## What you have to do
Transcribe all the entries word for word, omitting any pictures they contain.

## Data to process
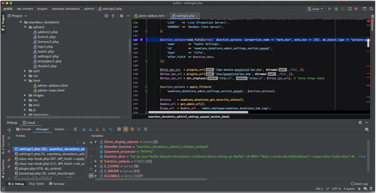 我选择的武器一直是 PhpStorm。我已经使用它多年了。它有一个优秀的集成调试环境,可以进行本地和远程调试。它还集成了我日常使用的各种功能,从它自带的终端窗口到文件同步,再到版本控制和逐行文件历史记录。另外,它还有丰富的插件可供选择,可以扩展和提升编码体验。
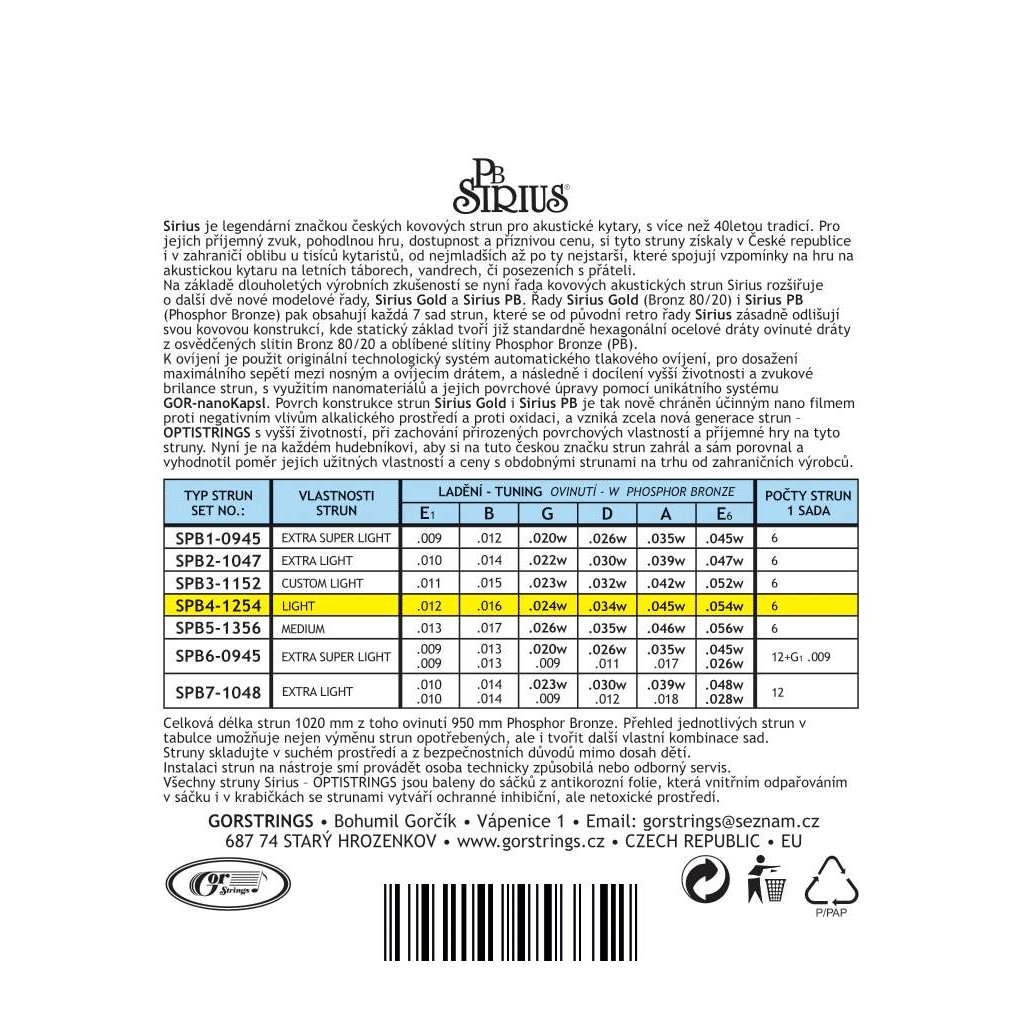 Struny SIRIUS majú na českom trhu dlhoročnú tradíciu a sú veľmi obľúbené najmä medzi trampmi a folkármi. Ich veľkým lákadlom je nielen priaznivá cena, ale aj príjemný zvuk a pohodlné hranie. Táto nová séria PB sa však od pôvodných Siriusov líši hneď v niekoľkých ohľadoch. Struny majú šesťhranné jadro vinuté obľúbeným fosforobronzovým materiálom, vďaka čomu majú guľatejší a uchu príjemnejší zvuk. Okrem toho sú potiahnuté špeciálnou antikoróznou vrstvou, ktorá výrazne predlžuje ich životnosť. Výsledkom je úplne nová generácia optistringov, ktorá vyniká brilantným teplým zvukom, vysokou odolnosťou a extrémne dlhou životnosťou.
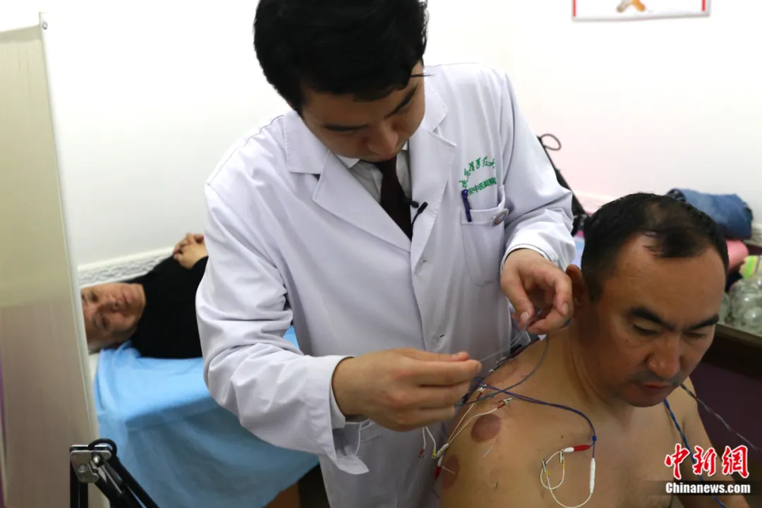 2024年5月24日,哈薩克斯坦阿斯塔納,馬文軒為哈患者使用針灸治療。張碩 攝
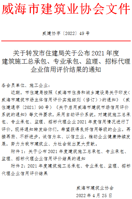 關(guān)于轉(zhuǎn)發(fā)市住建局關(guān)于公布2021年度建筑施工總承包、專業(yè)承包、監(jiān)理、招標(biāo)代理企業(yè)信用評價結(jié)果的通知
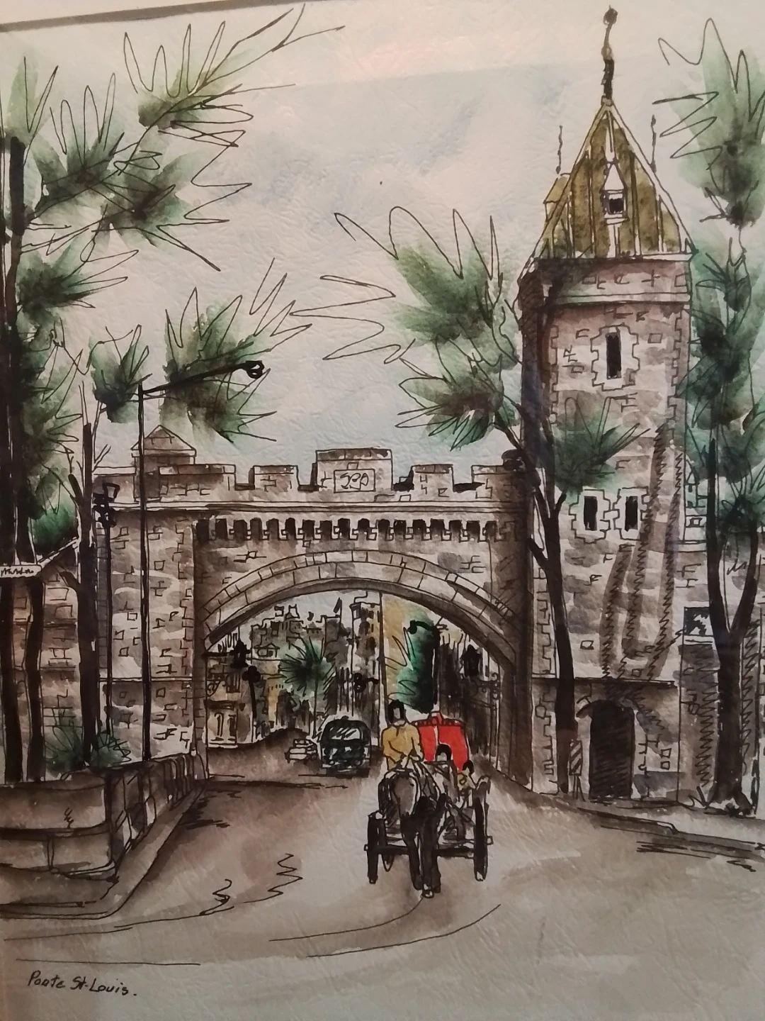 Vintage Watercolor by Helene Art - Porte St. Louis 1972 11.5x14.5"

## Written solution
 我选择的武器一直是 PhpStorm。我已经使用它多年了。它有一个优秀的集成调试环境,可以进行本地和远程调试。它还集成了我日常使用的各种功能,从它自带的终端窗口到文件同步,再到版本控制和逐行文件历史记录。另外,它还有丰富的插件可供选择,可以扩展和提升编码体验。
 Struny SIRIUS majú na českom trhu dlhoročnú tradíciu a sú veľmi obľúbené najmä medzi trampmi a folkármi. Ich veľkým lákadlom je nielen priaznivá cena, ale aj príjemný zvuk a pohodlné hranie. Táto nová séria PB sa však od pôvodných Siriusov líši hneď v niekoľkých ohľadoch. Struny majú šesťhranné jadro vinuté obľúbeným fosforobronzovým materiálom, vďaka čomu majú guľatejší a uchu príjemnejší zvuk. Okrem toho sú potiahnuté špeciálnou antikoróznou vrstvou, ktorá výrazne predlžuje ich životnosť. Výsledkom je úplne nová generácia optistringov, ktorá vyniká brilantným teplým zvukom, vysokou odolnosťou a extrémne dlhou životnosťou.
 2024年5月24日,哈薩克斯坦阿斯塔納,馬文軒為哈患者使用針灸治療。張碩 攝
 關(guān)于轉(zhuǎn)發(fā)市住建局關(guān)于公布2021年度建筑施工總承包、專業(yè)承包、監(jiān)理、招標(biāo)代理企業(yè)信用評價結(jié)果的通知
 Vintage Watercolor by Helene Art - Porte St. Louis 1972 11.5x14.5"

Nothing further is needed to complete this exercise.